# Mapping word Co-occurences the 2022 'State of the Union' address
In this notebook, we map the co-occurences of words within each sentence of the 2022 State Of the Union address. For each sentence, after removing stopwords, we log the occurences of each word with each other word in the sentence; these are the co-occurences. After doing this for each sentence, we can build a matrix of thes co-occurences, which can then be used to map edges (co-occurences) between nodes (words).


One important convention if you are going to play around with this notebook:
- Comments with # are optional lines of code. To run that line, just remove the # and rerun the cell.  
- Comments with ## are just comments and should be left as is.

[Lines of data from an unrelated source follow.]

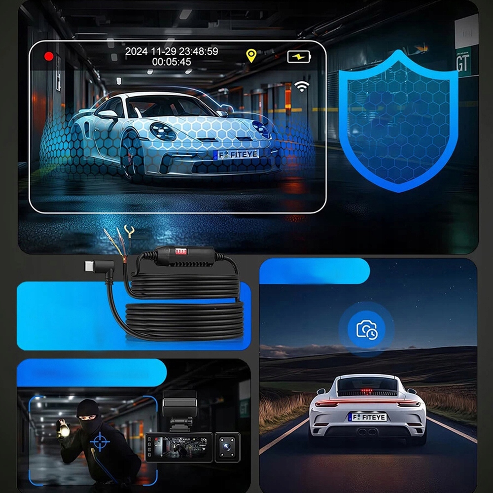 - Круглосуточный мониторинг парковки запускается автоматически при обнаружении столкновения и записывает записи сигналов тревоги. Для этого режима парковки требуется дополнительный комплект проводки ACC (не входит в комплект).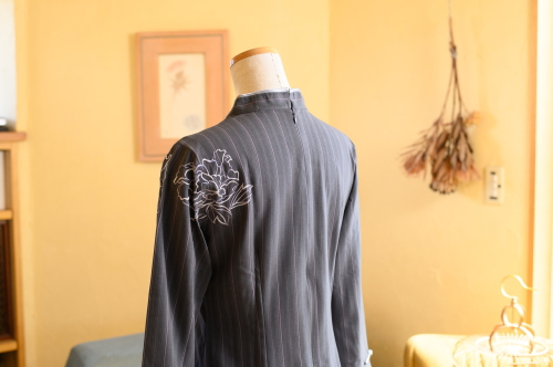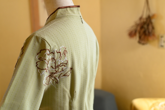 ピスタチオブラウン![]() 優しいピスタチオグリーンがきれいです ![]() 4色の中で一番カジュアルなお色かも。 ![]() 立体的なステッチのような折柄が入っています。 ![]() 背面の刺繍はこんなかんじ ![]() お袖は少し広がっていて素敵 |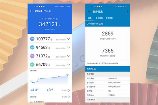 OPPO Reno4 Pro搭載了高通驍龍765G處理器,這是一顆與高通驍龍865同樣采用7nm工藝的處理器。使用安兔兔跑分,OPPO Reno4 Pro獲得了342121分?jǐn)?shù),整體表現(xiàn)不錯(cuò)。使用Geekbench 4進(jìn)行測(cè)試,OPPO Reno4 Pro單核得分2859,多核得分為7365,總體符合性能期望。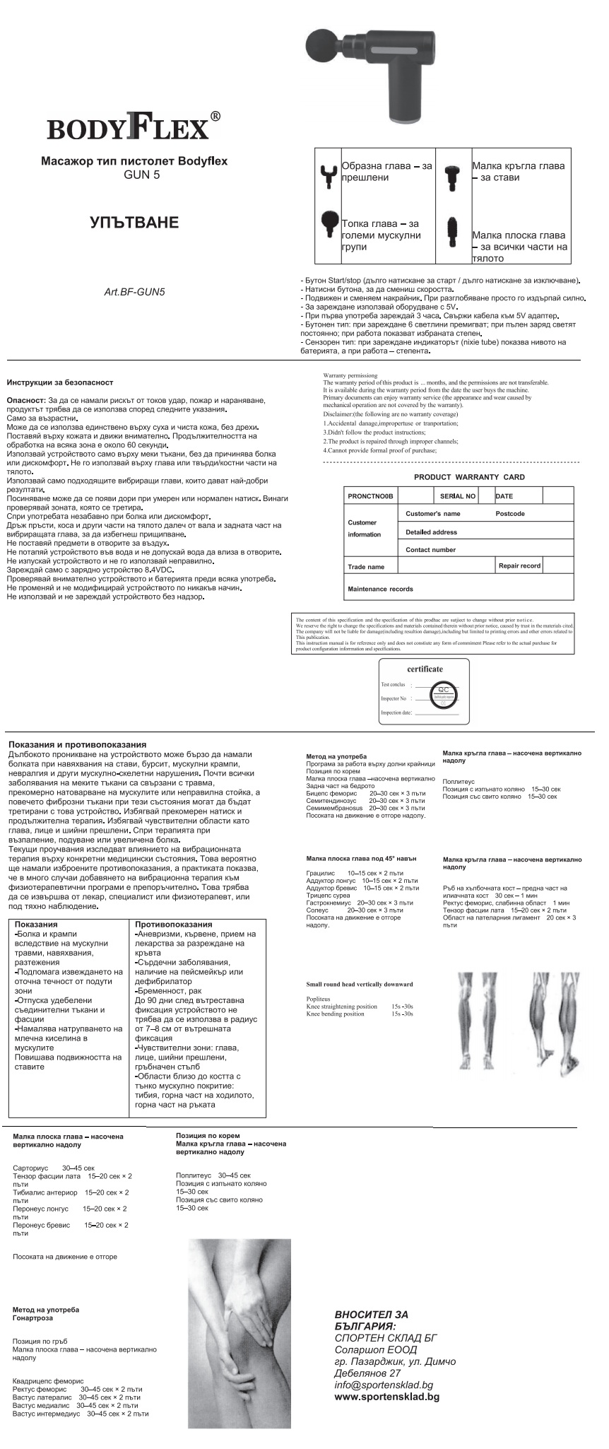 Този масажен пистолет Bodyflex е създаден за ефективно възстановяване и облекчаване на напрежението след тренировка, работа или продължително натоварване. Уредът разполага с мощност 25W и шест скорости, които позволяват лесно регулиране на интензитета в зависимост от зоната и нуждата. Диапазонът от 1800 до 3200 оборота в минута осигурява достатъчна сила за проникване в дълбоките мускулни слоеве и подпомага по-бързото отпускане и възстановяване.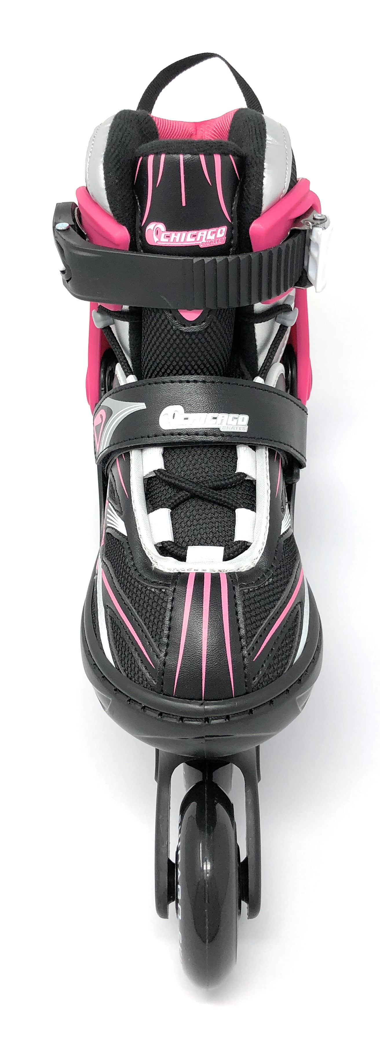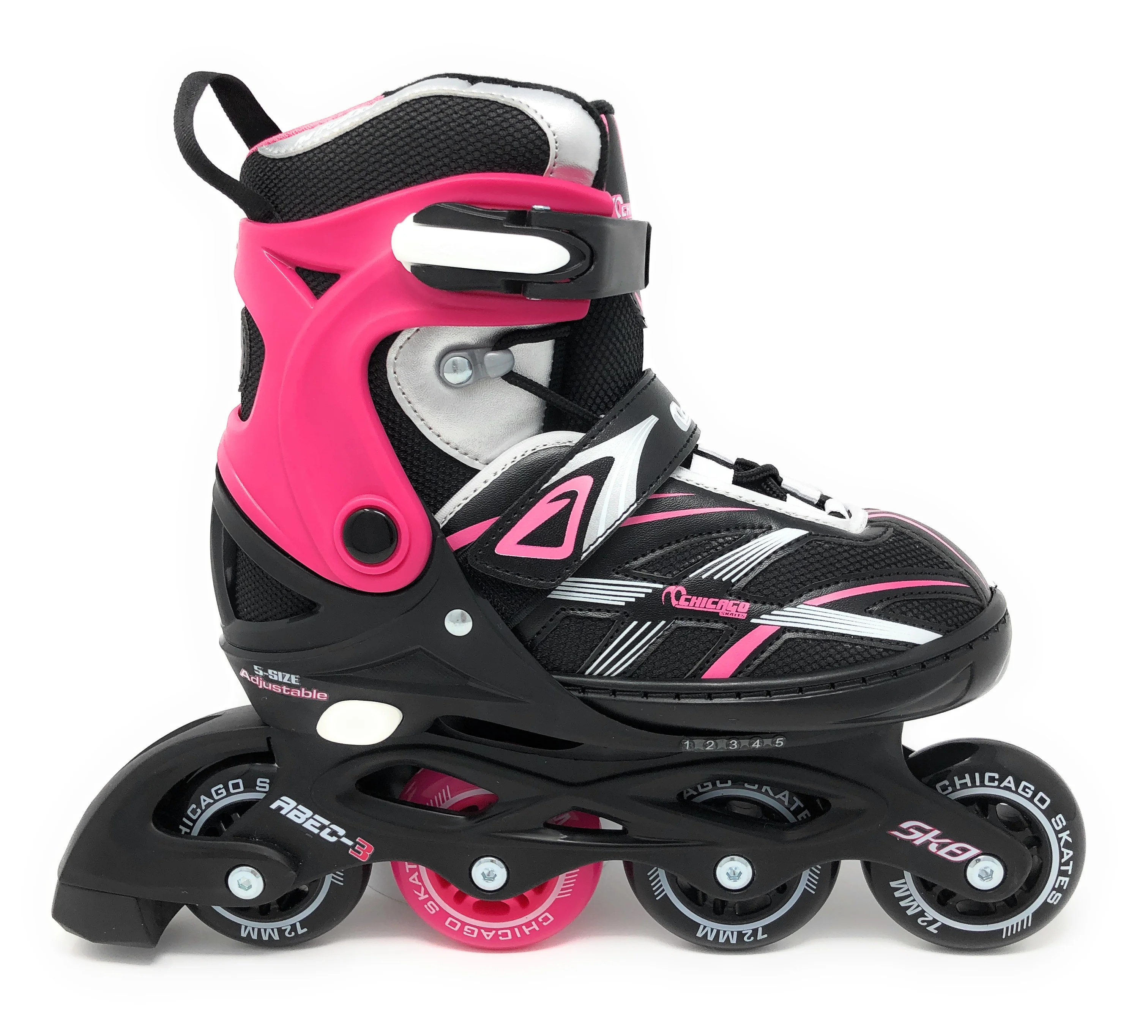 Chicago Skates Girls Five Size Adjustable Inline Skates Black/Pink/Silver: Adjustable inline skates: Enhanced by multi-size push-button adjustments; the Chicago Blazer inline skates allow for effortless proper adjustments to accommodate growing feet. Adjust 5 full shoe sizes. For the young speedster: Great for beginners yet tailored for the intermediate to the advanced skater who is looking for torsional stiffness and superior performance. Developed for fitness, designed for fun. Comfortable and secure fit: Nylon meshes inner boot delivers breathability, two-piece vented boot with pivoting collar, speed-lace closures with micro ratchet buckle, and power strap. Stability & control: These high-quality speed skates provide excellent traction and stability featuring nylon chassis with 70 mm 82a high-rebound urethane wheels with ABEC-3 rated speed bearings. Stylish: Roll in style! The contrast stitching and trim give these skates a stylish sleek look. Specifics: Pink/Black/White. Adjustable size Large (5 – 9). Chicago Skates – the leading brand in the skating industry for over 100 years. For The Young Speedster: Great for beginners yet tailored for the intermediate to the advanced skater who is looking for torsional stiffness and superior performance. Developed for fitness, designed for fun. Comfortable And Secure Fit: Nylon meshes inner boot delivers breathability, two-piece vented boot with pivoting collar, speed-lace closures with micro ratchet buckle, and power strap. Stability & Control: These high-quality speed skates provide excellent traction and stability featuring nylon chassis with 70 mm 82a high-rebound urethane wheels with ABEC-3 rated speed bearings. Stylish: Roll in style. The contrast stitching and trim give these skates a stylish sleek look. Specifies: Pink/Black/White. Adjustable size Large (5 – 9).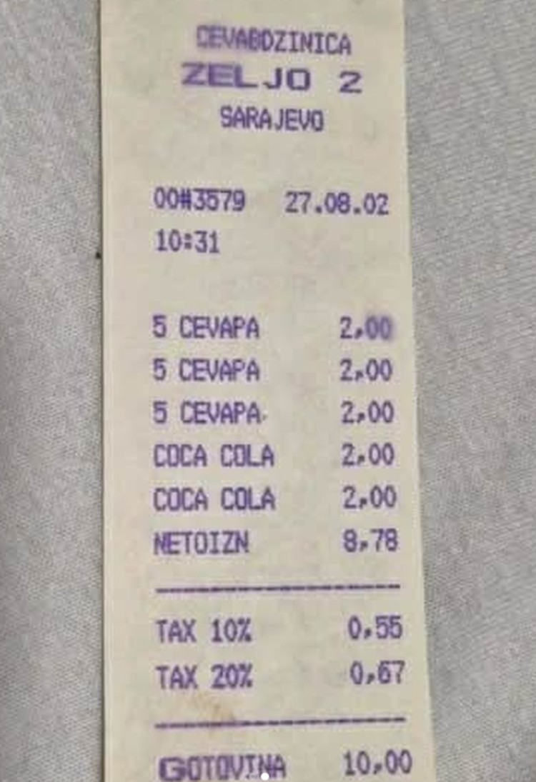 Na računu iz Ćevabdžinice Željo, koji je iznosio 10 maraka, moglo se kupiti tri porcije ćevapa i dvije Coca-Cole, objavio je Večernji.ba.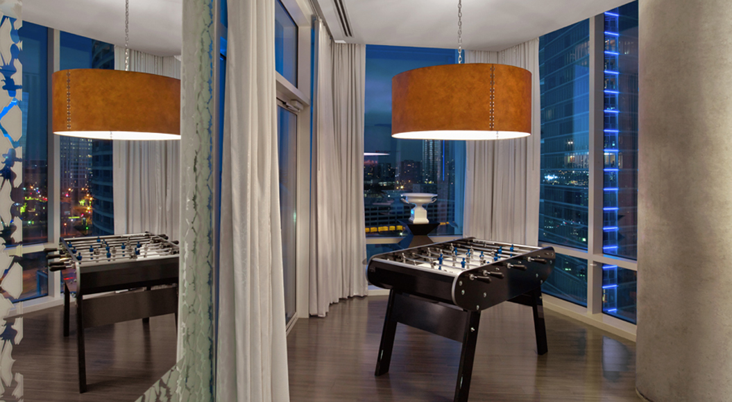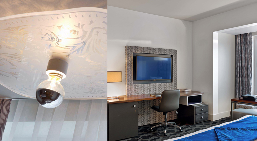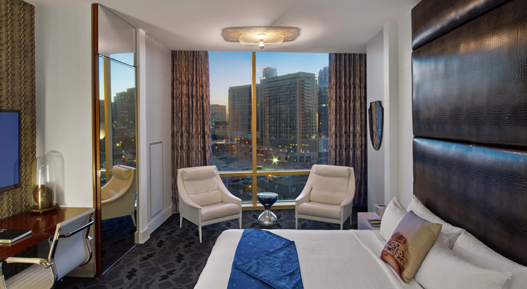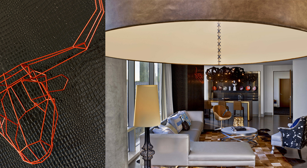 Rough yet refined, intertwined in a culture both high and low, Dallas is expressively masculine and profoundly feminine. Proud and stubborn, yet genuine and unapologetic. It is a city of contrasts, grandeur, celebrity and spectacular wealth. It is in this intersection of glitz and glam, high and low and hyper-gender fantasy where we find our inspiration. Twisted woven ropes, durable ageless denim, individual malleable hides, the luscious viscosity of oil, the distressed surfaces of weathering wood, and the unashamed brandishing of immense gems are just a few of the locally derived tactile inspirations embraced. Honky-tonks, themed neon, chromed mudflap girls and the ubiquitous presence of taxidermy and Texas football all contribute to the cultural inspiration. Striving to present a focused portrait of a place that is not clearly definable, that, at times, defies simple categorization, the design team relied on the reinterpretation and juxtaposition of seemingly contrasting references in order to provide a richness of reading worthy of Dallas and well beyond the simplicity of stereotypical historical narratives. By extracting and distilling aspects of the cultural references into custom elements of the design, the team created a refined and modern pallet that was simultaneously bold and subtle. The custom designed carpet for the guest rooms and corridors is one such element. The sophisticated pattern has a large impact on the spaces it occupies and yet, unbeknownst to most who view it, the pattern is, in fact, made by the repetition of the voluptuous mudflap girl silhouette. Throughout the guestrooms and suites, animal hides are referenced and utilized to provide a richness of texture. Additionally, wooden hooves slyly replace select furniture legs to bring an underlying sense of whimsy to the design.

## Installs/ Downloads/ Imports


### Installs
- If you get install errors, run these commands in a terminal window instead
- These are only needed if you do not already have these packages installed
- Only need to run the first time you run the notebook

In [129]:
## For building and analyzing the network graph
#pip install networkx  

In [4]:
## For tokenizing the text and stopwords
#pip install nltk  

In [None]:
## For visualizing the graph
#pip install pyvis

### Imports

In [127]:

import nltk ## Natural Language Tool Kit must be imported for the below downloads to run
from nltk.tokenize import word_tokenize ## One available tokenizer in NLTK
from nltk.corpus import stopwords ## Stopwords are words that are common in many languages and are not important to the analysis
import re ## Regex (Regular Expressions)
import pandas as pd ## Pandas (Panel Data)
import itertools ## For iterating over the data
import networkx as nx ## NetworkX is a Python library for the creation, manipulation, and study of the structure, dynamics, and functions of complex networks.
from networkx.algorithms.community import greedy_modularity_communities ## For finding communities in the graph
from pyvis.network import Network ## For visualizing the graph




### Downloads
- Make sure that you have run the imports before running these
- Only need to be run if you do not already have these downloaded
- Only need to be run the first time you run this notebook

In [None]:
# nltk.download('stopwords') # Dictionary of stopwords to be removed later
# nltk.download('punkt') # For tokenizing the file into sentences

## Make some preparations

In [128]:
## Setup stop words
stops = set(stopwords.words('english'))
#print (stops)

### Get data from file
We want to keep a copy of the original unaltered data.

In [130]:
# Read in file
path = "Data/Sotu22.txt"
with open(path, 'rb') as f:
  contents = f.read()
contents=contents.decode('utf-16')

### Clean up the data
We create two different versions of the data here:
1. 'contents' will be used to split into sentences and get the co-occurences. For this purpose, we leave periods in to delineate sentences.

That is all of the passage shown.